Very nicely done! The beef netting really sells the giant spider web effect.


----------



## tomanderson (Dec 6, 2007)

Very nice work with balcony space! Great job!


----------



## Nevar (Oct 28, 2009)

Great work. Looks good


----------



## StanFam3 (Oct 5, 2009)

Very, very cool!!! I think that's a really neat way of apartment decorating!

(Now, I have to research beef netting!)


----------



## printersdevil (Sep 7, 2009)

StanFam3, I need to check this out, too. I am not familiar with the term, but it looks fantastic on RedScare's balcony. Nicely done!


----------



## Skeletoncrew (Oct 10, 2013)

Small space, big scare! Looks great!


----------



## Loogaroo (Oct 19, 2008)

Looks great! Is it beef netting? I would have guessed cheese cloth.

EDIT: I see the stuff now. The stuff we have at work is a much larger mesh. I had not seen this stuff. Great, another thing I need to buy!


----------



## kuroneko (Mar 31, 2011)

Love it, love it, love it! Just goes to show that you don't need a big space to make a great display!!


----------



## The Pod (May 19, 2008)

For such a small space, you did a terrific job of decorating it. Came our really well! Nice work!


----------



## DaveintheGrave (Feb 12, 2004)

Wow, that looks great! I always forget how good that beef netting looks.


----------



## Saki.Girl (Aug 22, 2012)

where do you get this beef netting


----------



## RedScare (Jul 6, 2012)

Thank you everyone for encouraging and nice comments!

Saki.Girl, I ordered the 5 pound roll from Trenton Mills (http://www.trentonmills.com/halloween_spiderwebs.htm). I've still got 3/4 of the roll left for future years, and it is super durable, so I imagine I can even reuse the webs I cut this year.


----------



## Hilda (Jul 31, 2011)

You did a FABULOUS job. For some reason. I can never get the netting adjusted to my own satisfaction. I love your webs. 
That is a fantastic effect on your balcony. 

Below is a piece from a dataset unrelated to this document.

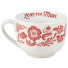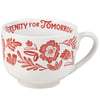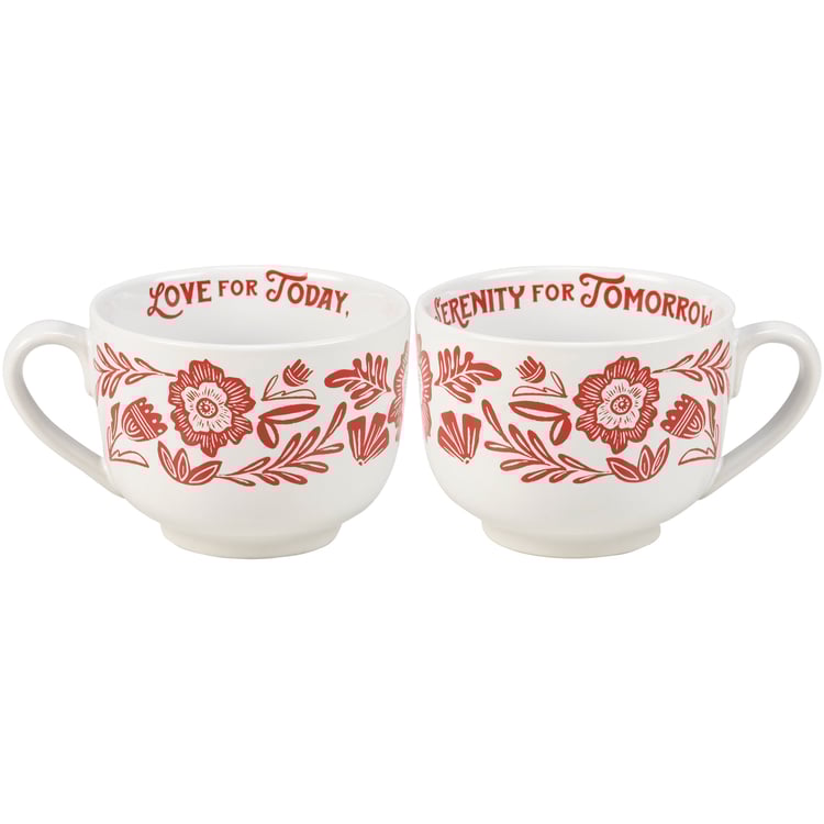 A stoneware 20 oz mug from our Folk Art Collection displaying a full wrap-around design of hand illustrated red florals inspired by Scandinavian folk art. Mug also features an inside design with inspirational sentiment along the rim that reads "Love For Today - Serenity For Tomorrow" and a red peace dove at the bottom. Our Love For Today mug is conveniently microwave, oven, dishwasher, and food safe for easy use. An inspirational mug perfect for everyday drinkware.

FYI I used my beef netting webs outdoor for over a month last year, and reused them this year. They seem fine. So that roll is going to last us a lifetime. haha


----------



## HalloweenieChallenge (Oct 8, 2014)

It looks great!!


Our theme this year is "spiders" too. I'll have to look into this "beef netting" stuff!


----------



## im the goddess (Mar 10, 2012)

Love your display. I always put out spiders too. I have that really large one you have. He's great.


----------



## kloey74 (Sep 7, 2008)

Those webs turned out fantastic and waaaaay easier to take down!


----------



## c910andace (Aug 17, 2010)

Amazing!! I have no clue about beef netting but I want you to do mine! What a beautiful balcony. Attention to detail is what wins in my book. Kudos to you!


----------